- Data to use -
=== Begin Enclosure ===

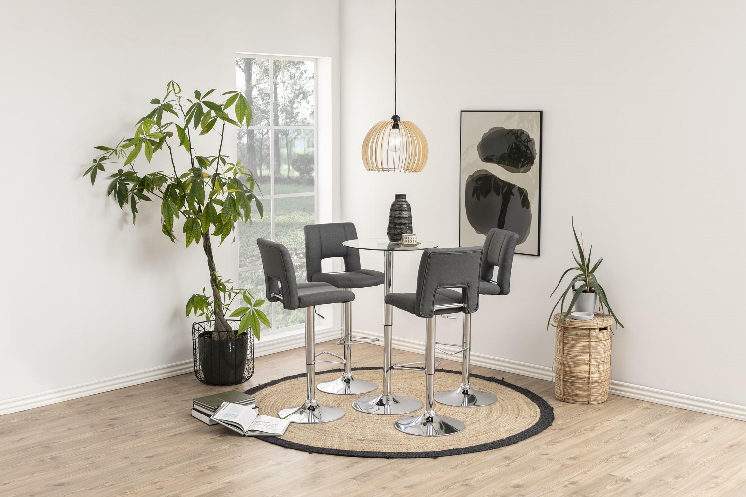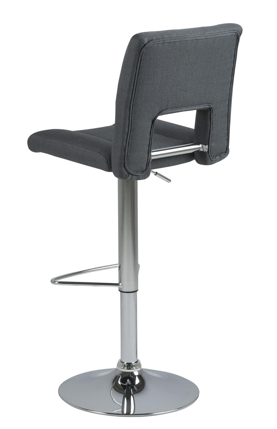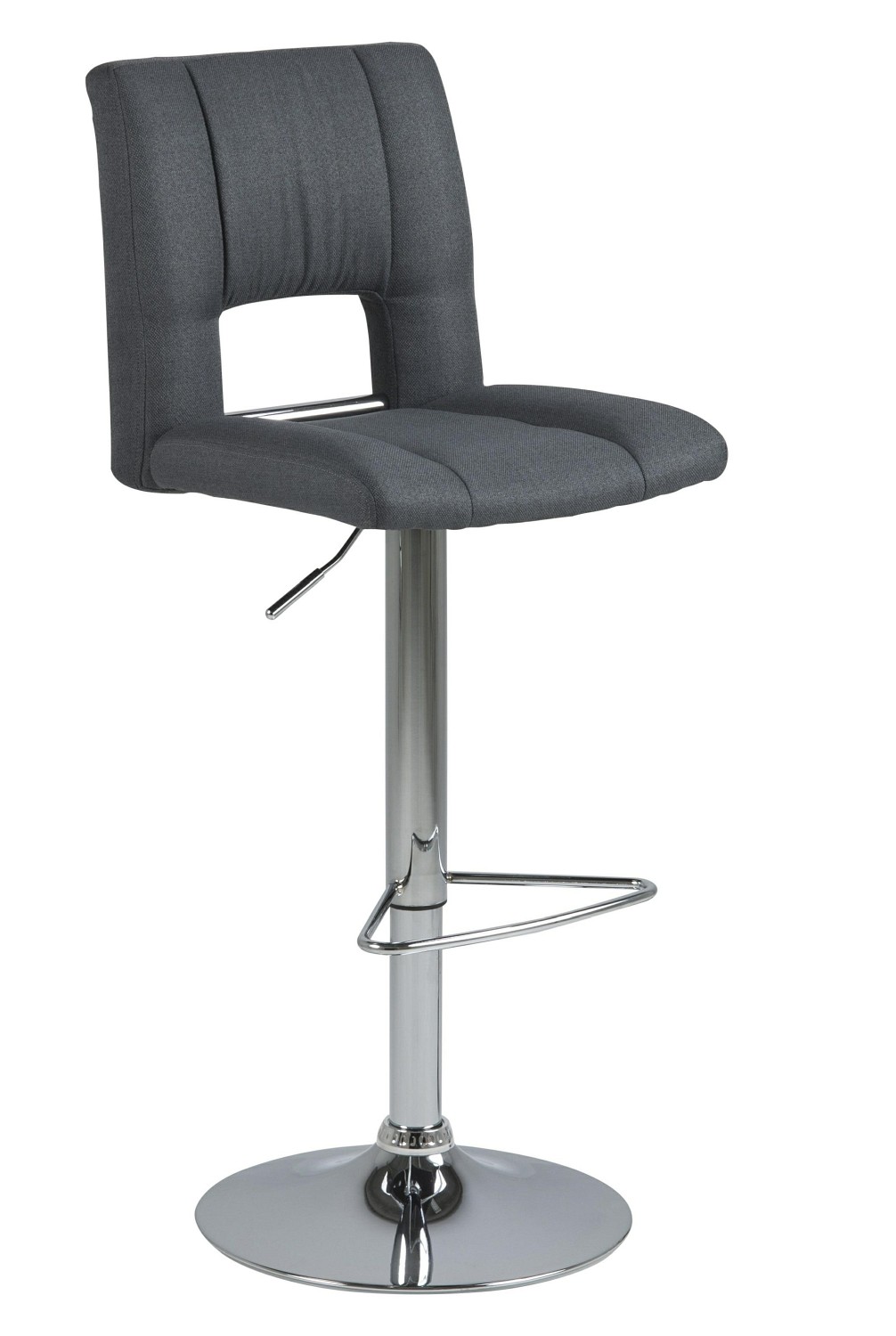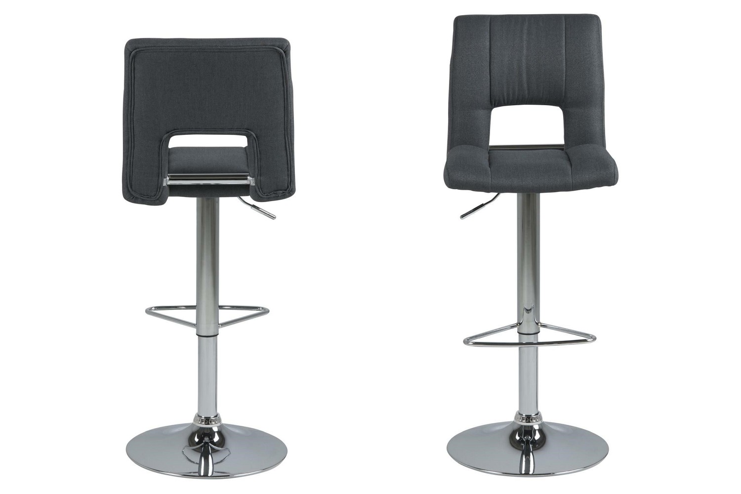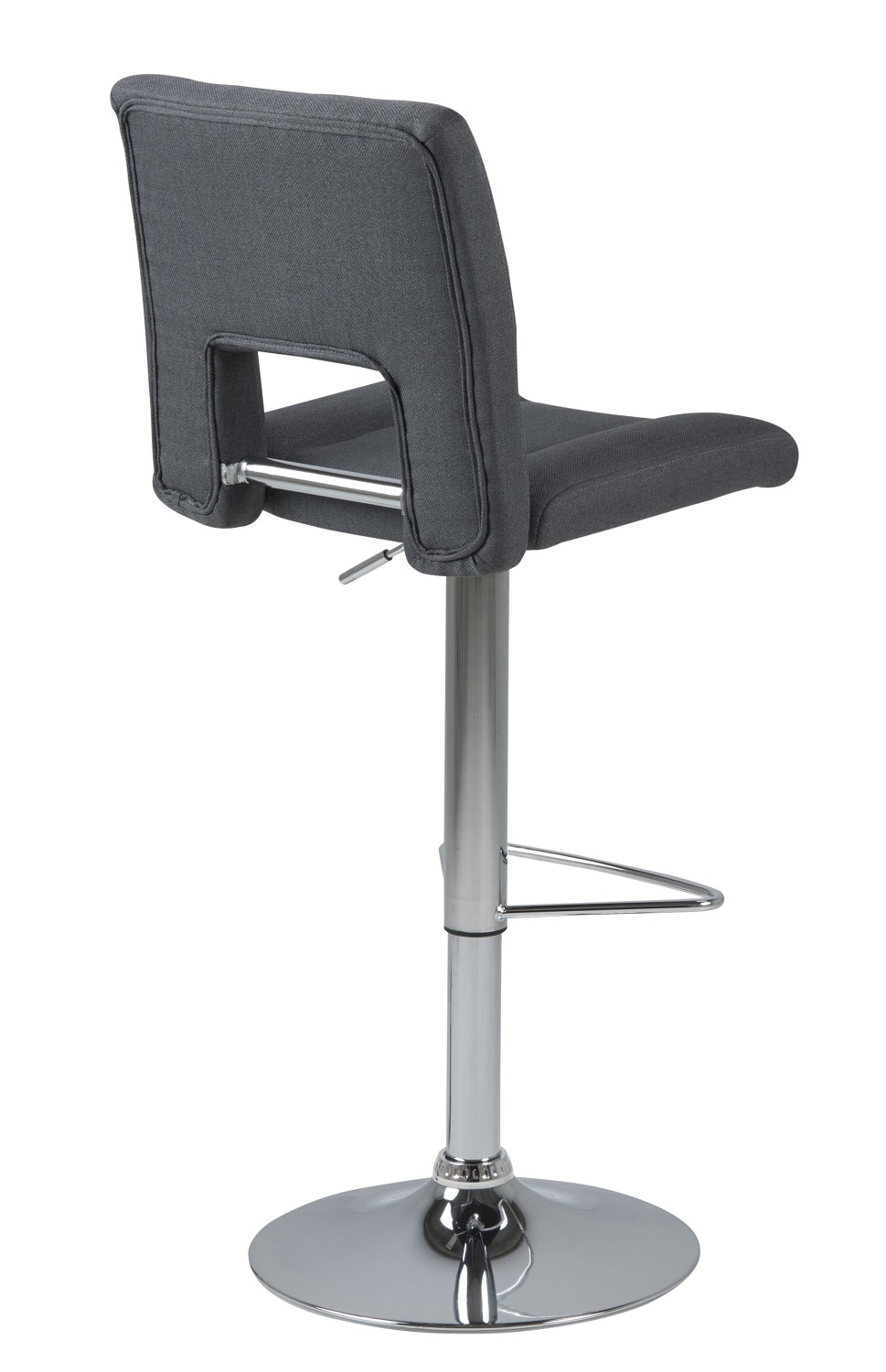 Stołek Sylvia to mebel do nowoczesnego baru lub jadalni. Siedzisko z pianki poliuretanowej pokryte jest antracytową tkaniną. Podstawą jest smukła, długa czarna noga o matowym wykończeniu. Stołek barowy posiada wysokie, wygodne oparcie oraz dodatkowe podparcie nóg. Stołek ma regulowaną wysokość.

=== End Enclosure ===
=== Begin Enclosure ===

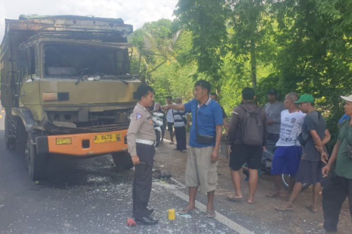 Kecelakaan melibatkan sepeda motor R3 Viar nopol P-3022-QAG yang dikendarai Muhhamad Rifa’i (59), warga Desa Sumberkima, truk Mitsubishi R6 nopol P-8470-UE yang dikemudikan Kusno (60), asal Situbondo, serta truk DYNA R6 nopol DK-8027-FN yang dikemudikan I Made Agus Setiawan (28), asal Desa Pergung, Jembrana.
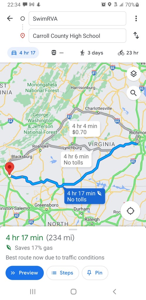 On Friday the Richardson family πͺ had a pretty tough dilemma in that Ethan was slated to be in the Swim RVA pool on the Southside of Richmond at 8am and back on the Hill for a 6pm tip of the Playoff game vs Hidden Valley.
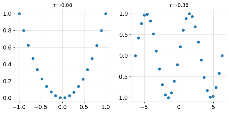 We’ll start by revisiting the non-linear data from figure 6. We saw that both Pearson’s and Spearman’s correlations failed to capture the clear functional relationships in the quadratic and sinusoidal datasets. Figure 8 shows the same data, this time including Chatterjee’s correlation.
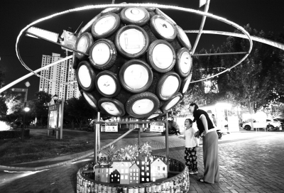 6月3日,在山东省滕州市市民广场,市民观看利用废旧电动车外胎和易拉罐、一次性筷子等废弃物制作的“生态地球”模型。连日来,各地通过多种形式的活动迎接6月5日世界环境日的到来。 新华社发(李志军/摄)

=== End Enclosure ===

- What to work on -
Copy the lines above between the one holding "Kecelakaan melibatkan sepeda" and the one holding "6月3日,在山东省滕州市市民", inclusive. Drop the pictures.

- Output -
 Kecelakaan melibatkan sepeda motor R3 Viar nopol P-3022-QAG yang dikendarai Muhhamad Rifa’i (59), warga Desa Sumberkima, truk Mitsubishi R6 nopol P-8470-UE yang dikemudikan Kusno (60), asal Situbondo, serta truk DYNA R6 nopol DK-8027-FN yang dikemudikan I Made Agus Setiawan (28), asal Desa Pergung, Jembrana.
 On Friday the Richardson family πͺ had a pretty tough dilemma in that Ethan was slated to be in the Swim RVA pool on the Southside of Richmond at 8am and back on the Hill for a 6pm tip of the Playoff game vs Hidden Valley.
 We’ll start by revisiting the non-linear data from figure 6. We saw that both Pearson’s and Spearman’s correlations failed to capture the clear functional relationships in the quadratic and sinusoidal datasets. Figure 8 shows the same data, this time including Chatterjee’s correlation.
 6月3日,在山东省滕州市市民广场,市民观看利用废旧电动车外胎和易拉罐、一次性筷子等废弃物制作的“生态地球”模型。连日来,各地通过多种形式的活动迎接6月5日世界环境日的到来。 新华社发(李志军/摄)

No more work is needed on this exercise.